RPG Reviews Digest: Monsters of Myth, Aces & Eights, True20, Dorkness Rising

I slacked on my own game review duties at Nuketown this week (though I did pitch a review to a new market) but thankfully others remained on the ball, yielding a number of new reviews.

There are two more Dungeons & Dragons 4th Edition reviews out this week. The Geek Gazette offers some initial thoughts on the Forgotten Realms Campaign Guide and rants about the necessity of buying both a campaign guide and a player’s guide. This is undoubtedly great for WotC’s bottom line, he argues, but no so great for players.

My understanding is that Wizards is scaling back its campaign offerings, so these may be the only two FR books you get this year. I have to think they’ll publish additional Forgotten Realms source books in 2009, but at the same time they’ve been pretty upfront about releasing books for one campaign setting a year (FR this year, Eberron next, maybe Dark Sun after that).

I think the bigger question could end up being not “is this too much?” but “is it enough?”

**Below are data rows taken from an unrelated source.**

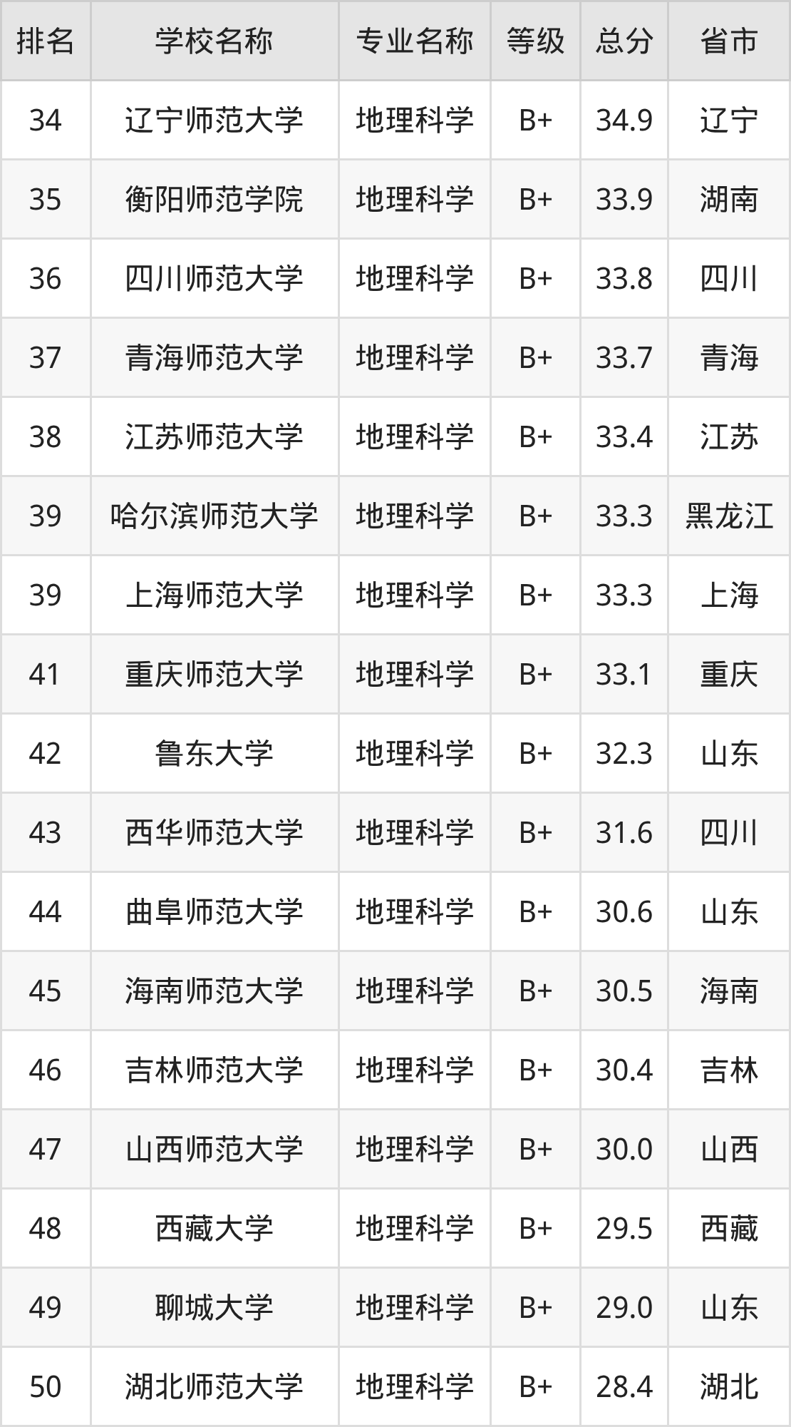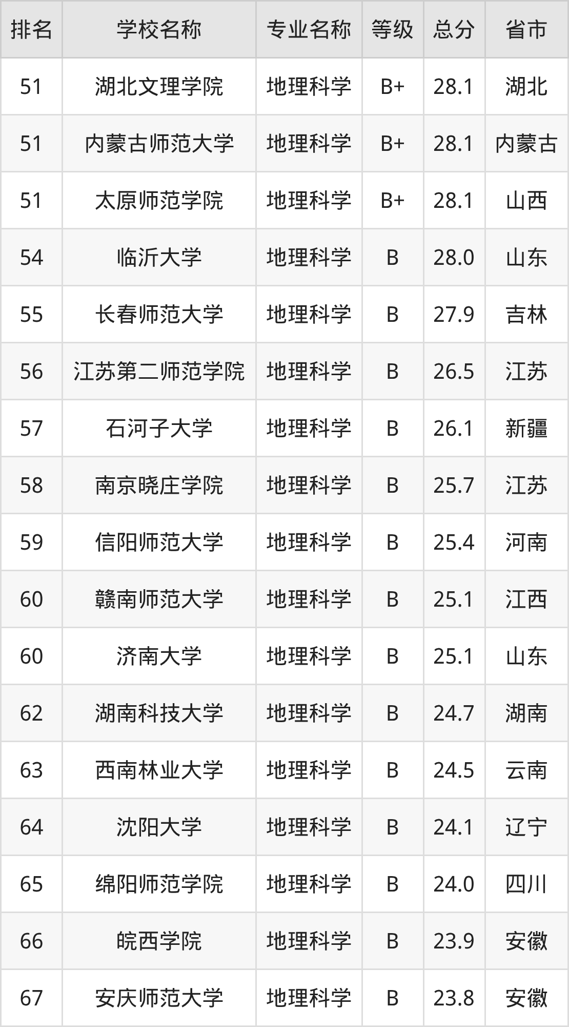 一、2025年地理科学专业全国大学排名
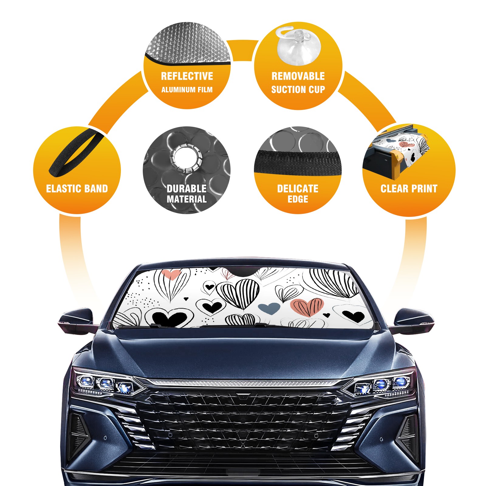 Car Windshield Sun Shade For Front Window Love 1 Foldable Vehicle Windshield Car Sun Visor Covers Automotive Window Protector Car Camping Privacy Sun Blocker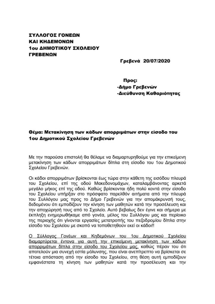 Μετακίνηση των κάδων απορριμάτων στην είσοδο του 1ου Δημοτικού Σχολείου Γρεβενών On 19 Σεπτ. 202019 Σεπτ. 2020 By Σύλλογος Γονέων και Κηδεμόνων Κοινοποιήστε: Mοιραστείτε στο Facebook(Ανοίγει σε νέο παράθυρο) Facebook Σχετικά

RPG.net has a favorable review of Dungeons & Dragons 4th Edition. Reviewer Eric Christian Berg liked the ease of building encounters and the dynamic nature of combat.

Also at RPG.net is a review of Monsters of Myth. The book is a monster manual for the OSRIC old-school remake of 1st Edition Dungeons & Dragons. Reviewer Matt Slepin enjoyed the book’s treatment of the faerie, but wasn’t thrilled by its selection of “giant” versions of mundane creatures. All in all, he liked the book.

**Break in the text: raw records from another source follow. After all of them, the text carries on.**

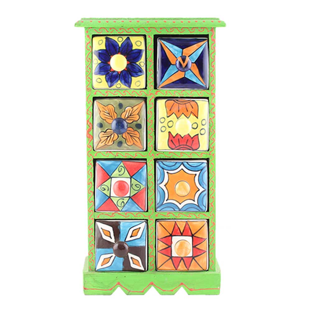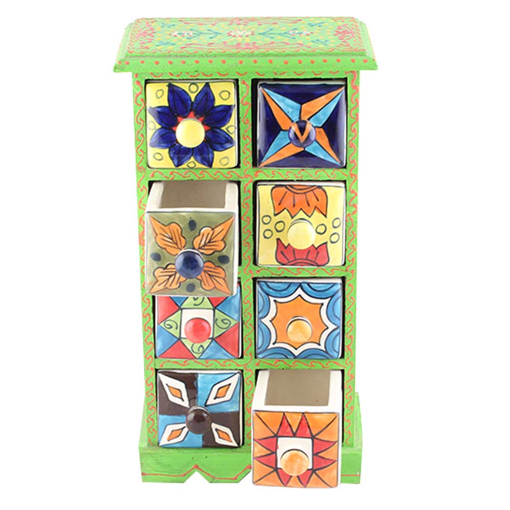 Spice Box-850 Masala Rack Container Gift Item. Ceramic Drawers in Wooden Frame. The Spice Boxes are designed with different patterns. These boxes are made using natural wood which does not harm the purity of spices.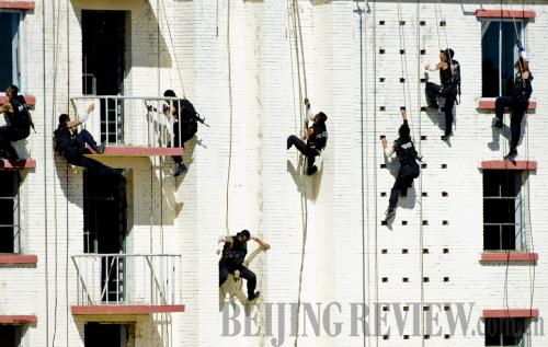 MOVING UP: Chinese special police officers take part in an antiterrorism drill in Beijing on September 23, 2010 (CFP)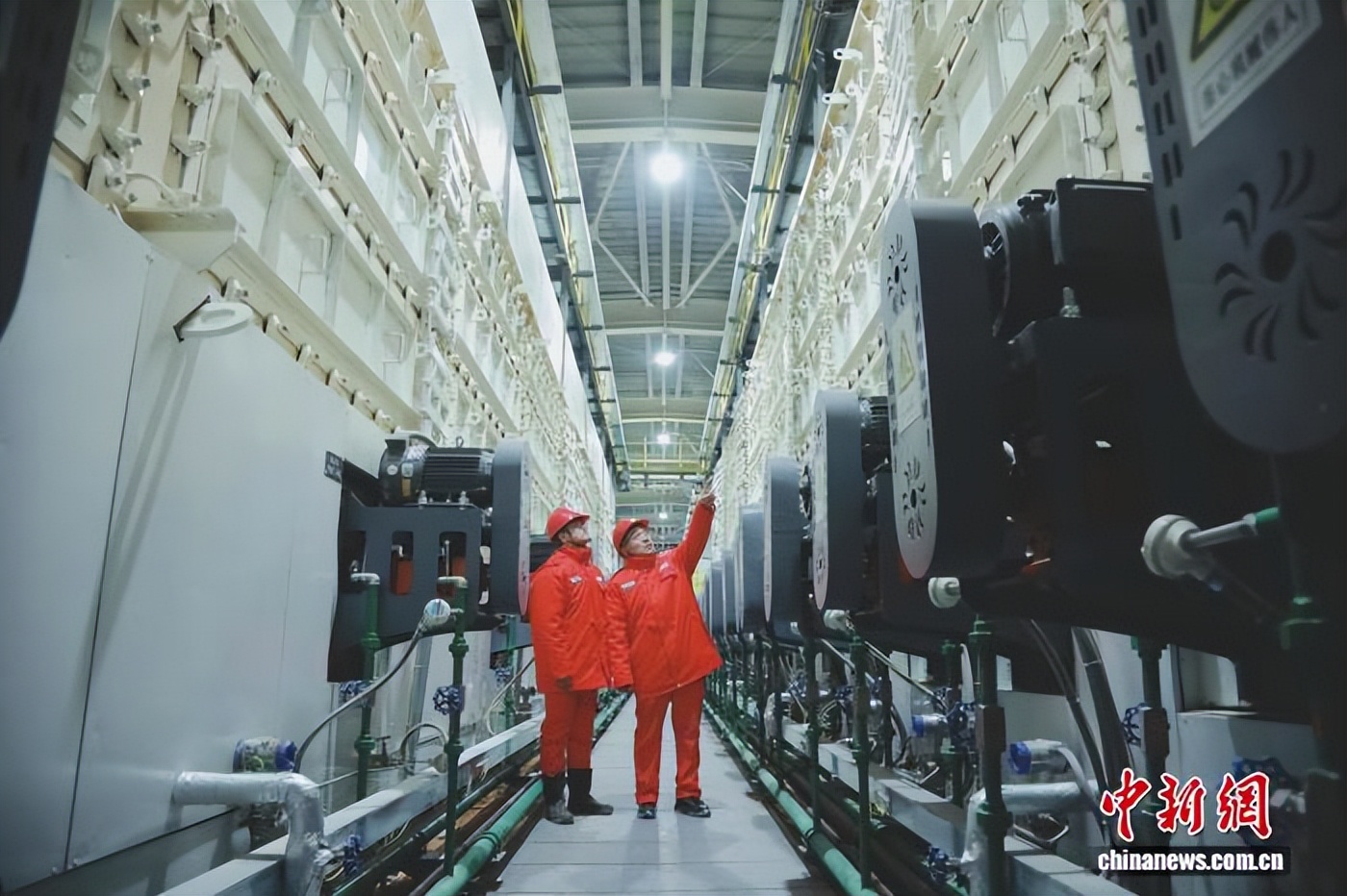 员工对110kV固体蓄热式电注汽锅炉蒸发段换热器进行巡检。陈琳 摄

Living Dice provides an quick look review of Aces and Eights: Shattered Frontier by Kenzerco, discussing the book’s fine production values and unique combat system. The reviewer notes that the game isn’t for everyone; combat is exceedingly deadly, which means people are really going to have to focus on role-playing their way through many encounters.

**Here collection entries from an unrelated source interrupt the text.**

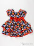 Платье из плотной, мягкой сатиновой ткани. Круглый вырез горловины. Застежка на спине на пуговицы. Короткие рукава с манжетами. Отрезной пояс-оборка, завязывается на спинке крупным бантом. Полочка декорирована бантиком с лентами. Двухъярусная юбка. Тонкая подкладка платья заканчивается нижним ярусом юбки. Манжеты, пояс, бантик и окантовка юбки выполнены из атласа.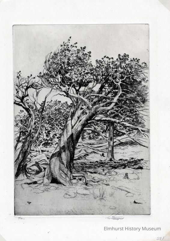 Etching of a large gnarled tree. Mounted on a 2-page mat. #8/50. Signed and dated.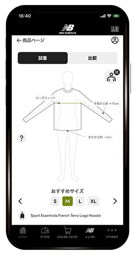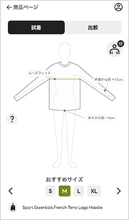 アパレルの最適なサイズがわかるオンライン試着をサポート。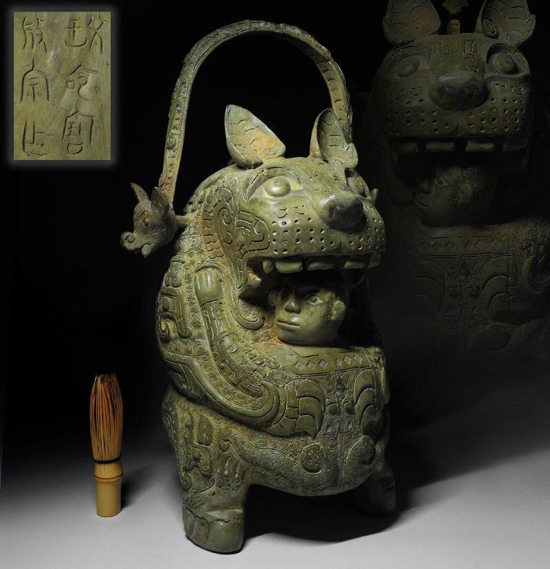 - 緑屋i■ 中国古玩 古銅 青銅器 虎食人ユウ 虎ユウ 提梁 蓋壺 金文銘文 唐物 時代物 i9/0925-8/22-4#100

HeroPress has a review of The Gamers – Dorkness Rising, the loose sequel to the original The Gamers flick. Like the first movie, this one features the story of a game master attempting to run his players through an adventure. The point of view switches between the players at the gaming table, and then in character in the fantasy world. General sentiment: amusing, but not brilliant, with better production values and a better ending than the initial outing.

The Accidental Survivors podcast has a review of the True20 Revised Edition by Green Ronin in Episode #35. They also talk about Burn Notice and the idea of running a Burn Notice modern campaign.

Gaming Report reviews Elric: Magic Of The Young Kingdoms, and finds it a tome that doesn’t go nearly deep enough into it’s subject matter. The book presents a broad overview of magic in the Young Kingdom’s, but doesn’t delve deep enough into any one area.